## Data for processing
* * * * *

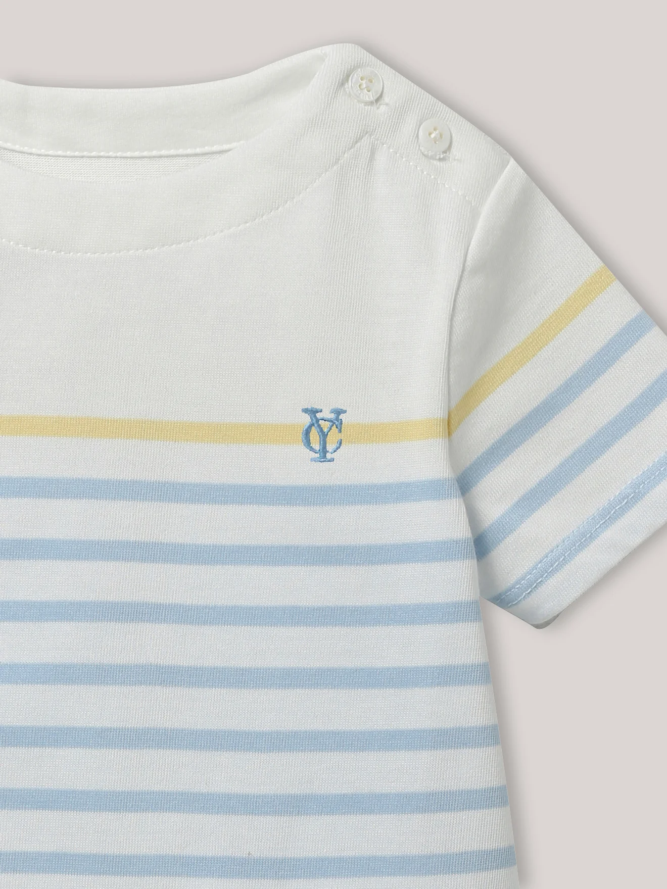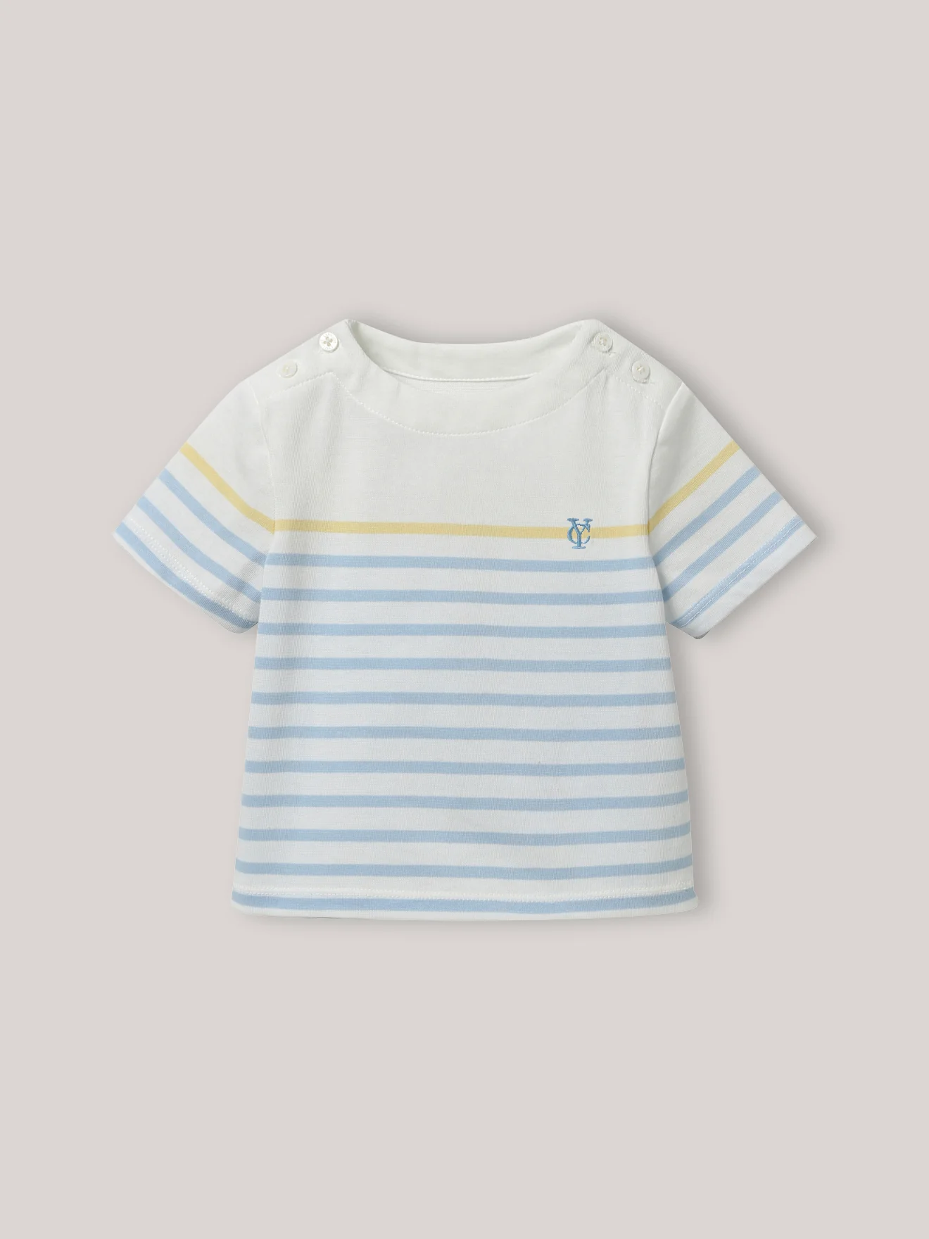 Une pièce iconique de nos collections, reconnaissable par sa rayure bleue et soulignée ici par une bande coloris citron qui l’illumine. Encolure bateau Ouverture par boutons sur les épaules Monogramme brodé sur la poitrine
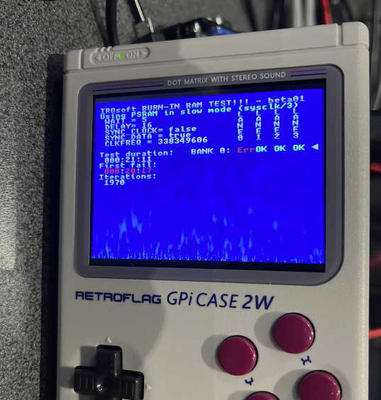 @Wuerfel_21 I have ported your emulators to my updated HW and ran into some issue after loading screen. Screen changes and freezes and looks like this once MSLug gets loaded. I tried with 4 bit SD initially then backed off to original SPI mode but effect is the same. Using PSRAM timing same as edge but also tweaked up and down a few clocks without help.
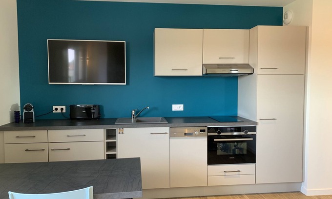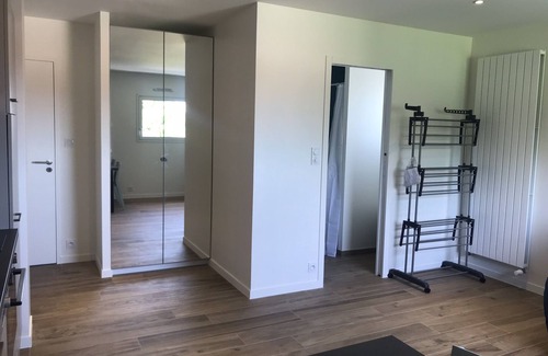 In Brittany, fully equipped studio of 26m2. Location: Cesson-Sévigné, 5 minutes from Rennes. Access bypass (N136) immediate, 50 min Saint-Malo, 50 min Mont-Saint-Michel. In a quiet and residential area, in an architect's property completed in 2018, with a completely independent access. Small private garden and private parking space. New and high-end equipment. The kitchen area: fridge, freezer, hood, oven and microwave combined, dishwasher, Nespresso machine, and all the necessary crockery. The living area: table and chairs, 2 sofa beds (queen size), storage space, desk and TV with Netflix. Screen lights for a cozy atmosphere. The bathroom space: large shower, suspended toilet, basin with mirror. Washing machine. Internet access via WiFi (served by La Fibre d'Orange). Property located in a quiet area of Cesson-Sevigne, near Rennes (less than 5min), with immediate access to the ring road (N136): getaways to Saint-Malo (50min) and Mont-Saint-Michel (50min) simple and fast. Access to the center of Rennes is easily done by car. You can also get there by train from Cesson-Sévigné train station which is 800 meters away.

* * * * *

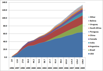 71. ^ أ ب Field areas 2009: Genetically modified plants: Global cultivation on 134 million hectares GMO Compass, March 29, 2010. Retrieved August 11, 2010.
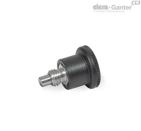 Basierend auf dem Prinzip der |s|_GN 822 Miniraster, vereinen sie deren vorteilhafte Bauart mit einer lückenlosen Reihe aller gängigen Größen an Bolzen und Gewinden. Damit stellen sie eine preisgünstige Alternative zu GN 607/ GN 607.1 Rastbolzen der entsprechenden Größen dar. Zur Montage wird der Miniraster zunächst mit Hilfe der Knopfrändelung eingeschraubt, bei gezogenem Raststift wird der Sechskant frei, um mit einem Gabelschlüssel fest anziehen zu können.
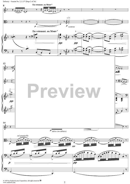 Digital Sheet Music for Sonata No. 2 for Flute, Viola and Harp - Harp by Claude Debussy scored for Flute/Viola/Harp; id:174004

* * * * *

## What to work on
Copy only what runs above from the line containing "71. ^ أ ب Field" through the line containing "Digital Sheet Music", exactly. Leave out the pictures.

## Problem solution
 71. ^ أ ب Field areas 2009: Genetically modified plants: Global cultivation on 134 million hectares GMO Compass, March 29, 2010. Retrieved August 11, 2010.
 Basierend auf dem Prinzip der |s|_GN 822 Miniraster, vereinen sie deren vorteilhafte Bauart mit einer lückenlosen Reihe aller gängigen Größen an Bolzen und Gewinden. Damit stellen sie eine preisgünstige Alternative zu GN 607/ GN 607.1 Rastbolzen der entsprechenden Größen dar. Zur Montage wird der Miniraster zunächst mit Hilfe der Knopfrändelung eingeschraubt, bei gezogenem Raststift wird der Sechskant frei, um mit einem Gabelschlüssel fest anziehen zu können.
 Digital Sheet Music for Sonata No. 2 for Flute, Viola and Harp - Harp by Claude Debussy scored for Flute/Viola/Harp; id:174004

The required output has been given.